Said notification mechanism is designed around the needs of a global, presumably privileged process that manages a bunch of memcgs on the system; that process can respond by raising memory limits, moving processes to different groups, or doing some targeted process killing of its own. But Google's use case turns out to be a little different: each internal Google user is given the ability (and responsibility) to handle OOM conditions within that user's groups. This approach can work, but there are a couple of traps that make it less reliable than some might like.

One of those is that, since users are doing their own OOM handling, the OOM handler process itself will be running within the affected memcg and will be subject to the same memory allocation constraints. So if the handler needs to allocate memory while responding to an OOM problem, it will block and be put on the list of processes waiting for the OOM situation to be resolved; this is, essentially, a deadlocking of the entire memcg.
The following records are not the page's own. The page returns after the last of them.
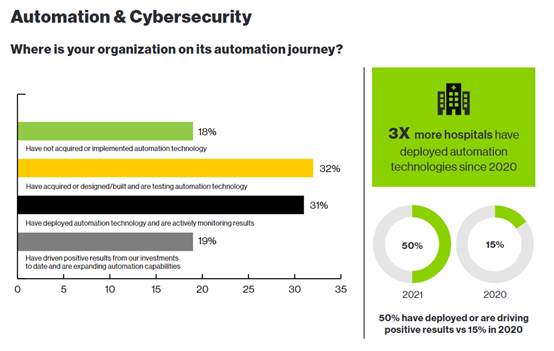 50%受访者表示,2021年已在医院中部署了自动化技术,以提升工作效率和应对新冠疫情;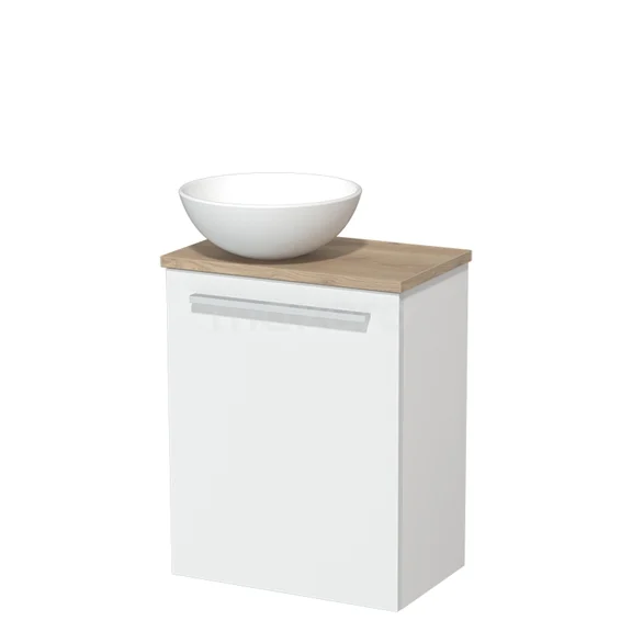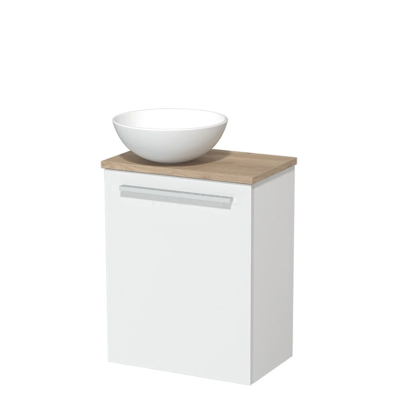 WC-Möbel mit Aufsatzwaschbecken | 41 cm Matt Weiß Glatte Front Matt Weiß Keramik-Aufsatzwaschbecken Hellbraune Eiche Platte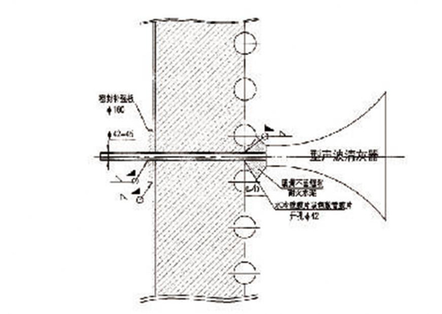 GSK350型聲波清灰器預(yù)埋套管方式安裝示意圖

One can try to avoid this problem by locking pages into memory and such, but, in the end, it is quite hard to write a user-space program that is guaranteed not to cause memory allocations in the kernel. Simply reading a /proc file to get a handle on the situation can be enough to bring things to a halt.

The other problem is that the process whose allocation puts the memcg into an OOM condition in the first place may be running fairly deeply within the kernel and may hold any number of locks when it is made to wait. The mmap_sem semaphore seems to be especially problematic, since it is often held in situations where memory is being allocated — page fault handling, for example. If the OOM handler process needs to do anything that might acquire any of the same locks, it will block waiting for exactly the wrong process, once again creating a deadlock.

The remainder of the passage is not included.